In 2022 the IPCC stated that it was “almost inevitable that we will temporarily exceed [the 1.5
degrees C] temperature threshold but could return to below it by the end of the century,” with
carbon removal from the atmosphere and other drawdown techniques. In the fall of 2023 the
International Energy Association released its latest Net Zero Roadmap, which framed the future
slightly more optimistically, saying that there is a “narrow but feasible” possibility of holding
warming to 1.5 C. More reports will come, and we should read them, even if (especially if) the
information they deliver is terrifying. But we should use that information as motivation, not as an
excuse to blithely write off the effort to save millions of lives.

This is the power of the “never surrender” paradigm; it can help us find agency within this
overwhelming crisis. When it’s clear that it’s your home, your community, your life on the line,
you act. You don’t ask “What are the chances?” but rather “How can I help?” You don’t just
pursue effort—you find it. And that effort does some good, even if it isn't enough.

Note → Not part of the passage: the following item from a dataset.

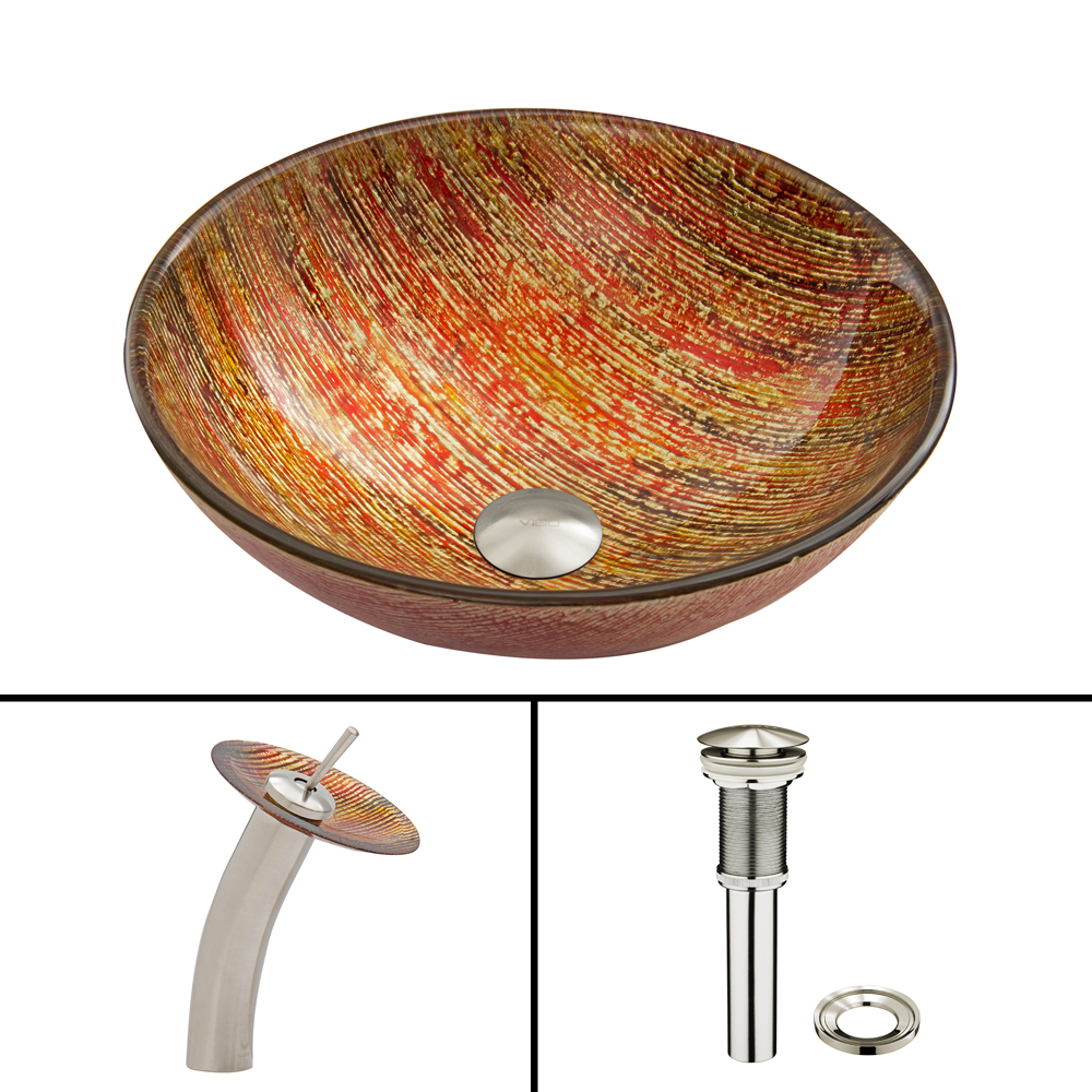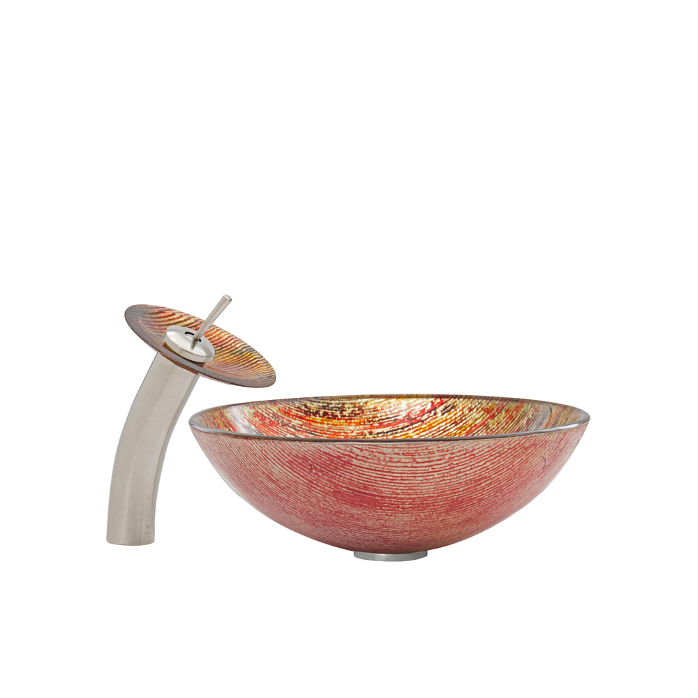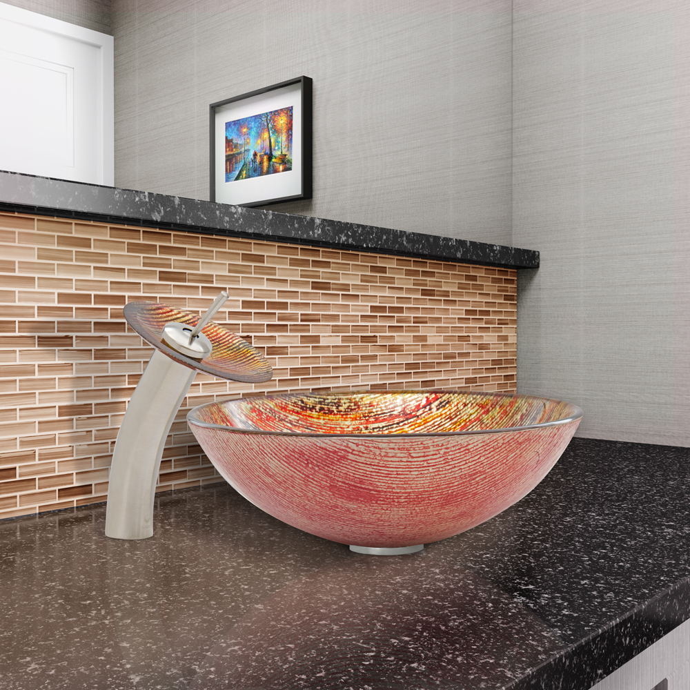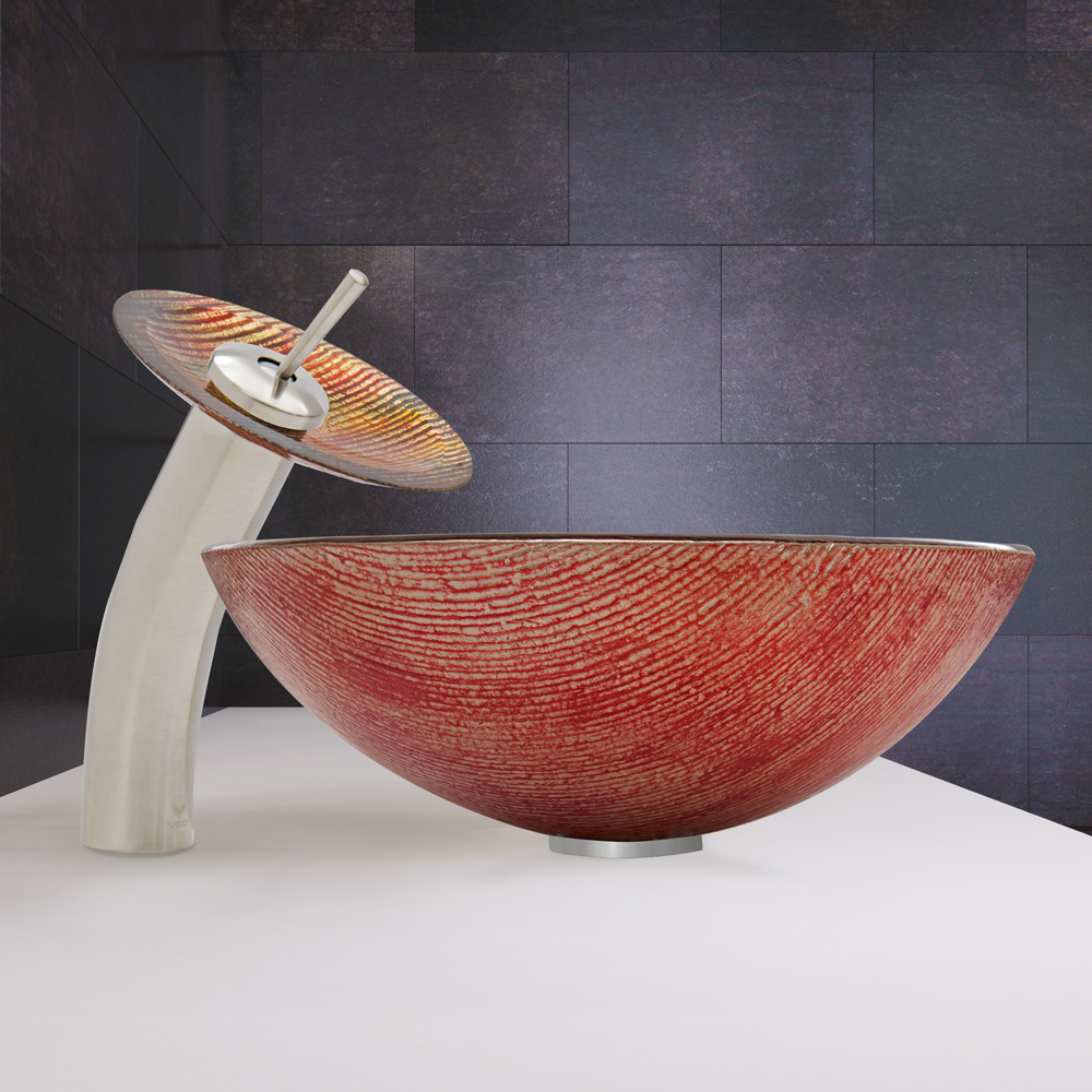 The VIGO Blazing Fire Glass Vessel Sink and Waterfall Faucet Set in Brushed Nickel Finish fulfills your burning desire to have the most impressive bathroom on the block.
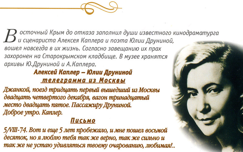 Портрет узятий із книги К. Паустовського «Обране», інші знімки— з реклам музеїв Старого Криму. Силует М. Волошина — робота фотографа-аматора.

As dire as our situation appears to be today, in the future, we’ll look back and see people who
had choices. No one will care about what we thought we could or couldn’t do; all that will matter
is what we actually did. Working relentlessly to limit global temperature rise to 1.5 degrees C—
even if we temporarily surpass it—is choosing to reduce suffering for people and life on the
planet as a whole. It’s hard to imagine any scenario in which that is not the right thing to do.